而跟在朱厚照身後的錢寧見三人就這樣自顧自地離去,頓時就忍不住皺起了眉頭。
他上前一步,壓低聲音道:“公子,他們好大的膽子,竟敢如此無視您,要不要屬下.......”
“無妨。”
朱厚照擺了擺手,打斷了他的話,一臉無所謂道:“人家又不認識我,憑什麼不能無視我?”

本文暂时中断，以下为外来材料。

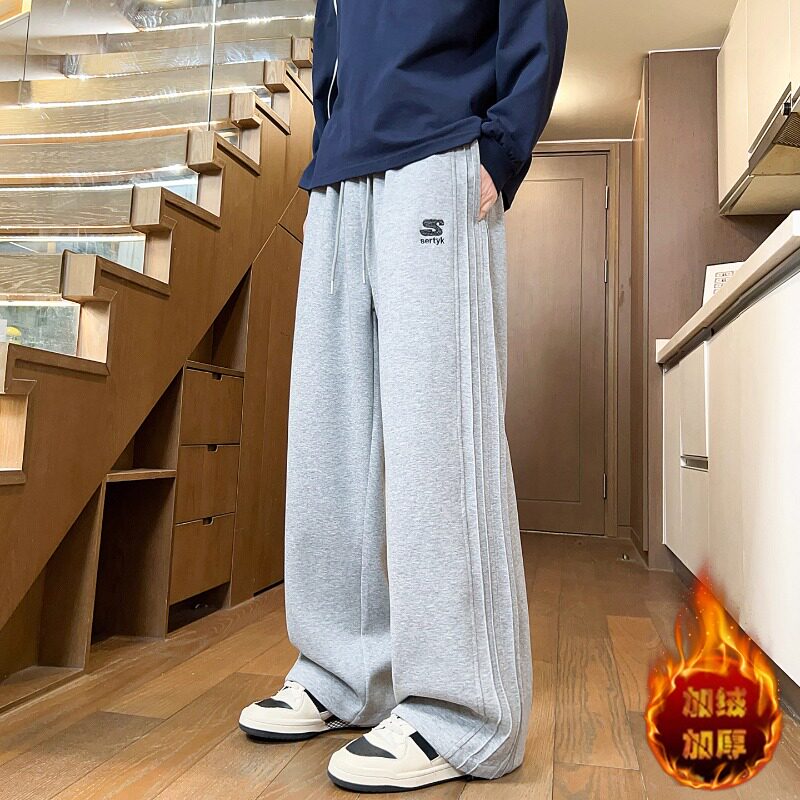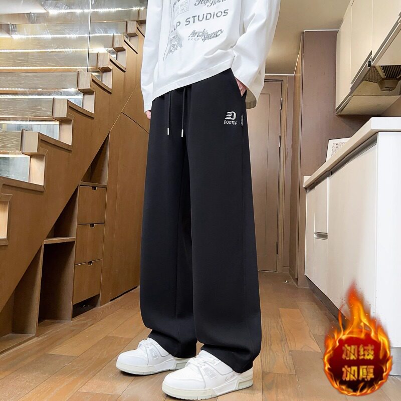 秋冬季加绒长裤男孩初中高中学生加厚休闲裤子青少年大童潮流卫裤

“再說了,官員有警惕心也是好事,咱們突然冒出來問東問西,擱誰誰不覺得奇怪?”
錢寧聞言,心中仍是有些不爽。
作為皇帝的貼身侍衛,他平日裡見到的官員,哪個不是點頭哈腰、卑躬屈膝的?
現在倒好,一個八品小官,兩個九品主簿,居然敢把皇帝晾在一邊。
但他也清楚,朱厚照說得在理。
人家又不知道這是皇帝,憑什麼給你好臉色?
想到此處,他也只得壓下心頭的不快,退後一步,繼續默默警戒。
不過,朱厚照雖然嘴上說著不在意,腳步卻沒有挪動半分。
他就這麼站在河堤上,雙手抱胸,饒有興致地看著三人指揮流民收拾工具、清點人數、安置食宿。
那架勢,活像個監工的包工頭。
而另一邊的三人,雖然表面上在幹活,餘光卻一直沒離開過河堤上那幾個人。
見他們遲遲不走,周文和頓時有些沉不住氣了。
他湊到陳序身邊,壓低聲音道:“陳知事,那幾個人還沒走,要不要讓差役去驅趕一下?這天都快黑了,城外又不安全,萬一出了什麼事......”
“不必。”
陳序倒是沒什麼多餘的情緒,一邊幫著民夫捆紮竹籠,一邊低聲回道:“對方的來路一看就不是尋常人,還是莫要輕易得罪。他們想看,就讓他們看好了,反正也不會少塊肉。”
周文和聞言,不由得撇了撇嘴。
不過,他也知道陳序說得在理。
那青年身後站著的幾個漢子,一看就是行伍出身,站姿筆挺,眼神銳利,腰間還鼓鼓囊囊的。
能有這種護衛的人,身份絕對不簡單。
最起碼,不是他們這種末流小官能夠輕易得罪的。
於是,他也沒再多說,悶頭繼續幹活。
孫德茂倒是嘴碎,一邊搬石頭一邊嘟囔:“這年頭真是怪了,看人幹活也能看上癮?回家躺著不好嗎?”
這話說得不大不小,剛好能被河堤上的人聽見。
朱厚照笑了笑哦,對著身邊幾個護衛道:“聽見沒,那位官爺說了,回家躺著不好嗎?說得很有道理啊,我也想躺著。”
錢寧面無表情,裝作沒聽見。
另外三個護衛則眼觀鼻鼻觀心,一個字都不敢接。
畢竟,他們總不能說“那您倒是回去躺著啊”。
那是活膩了。
於是,兩方人馬又繼續保持著這種詭異的和諧。
很快,天色徹底暗了下來。
工地上的人也已經走得差不多了,只剩下幾個管事的在清點最後一波物料。
陳序三人也終於忙完了手頭的活,收拾妥當,準備回城。
但三人走了沒幾步,身後便傳來一陣腳步聲。
陳序回頭一看,卻是那青年跟了上來。
“三位官爺這是要回城嗎?”
朱厚照笑嘻嘻地湊上來,一臉自來熟地說道:“正好,我們也要回去。天黑路滑的,不如一起走唄,也好有個照應。”
周文和和孫德茂對視一眼,臉上的表情都有些微妙。
這人是狗皮膏藥成精了?
怎麼甩都甩不掉?
陳序也有些無語,但人家話都說到這份上了,他也不好直接翻臉。
只能面無表情地回了一句:“隨意。”
然後,一行人便這麼不尷不尬地走在了同一條路上。
陳序三人帶著差役走在前面,朱厚照帶著四個護衛不遠不近地跟在後面。
兩撥人之間隔了十來步的距離,誰也不跟誰說話,氣氛詭異得像是兩個剛打完架的幫派在街頭偶遇。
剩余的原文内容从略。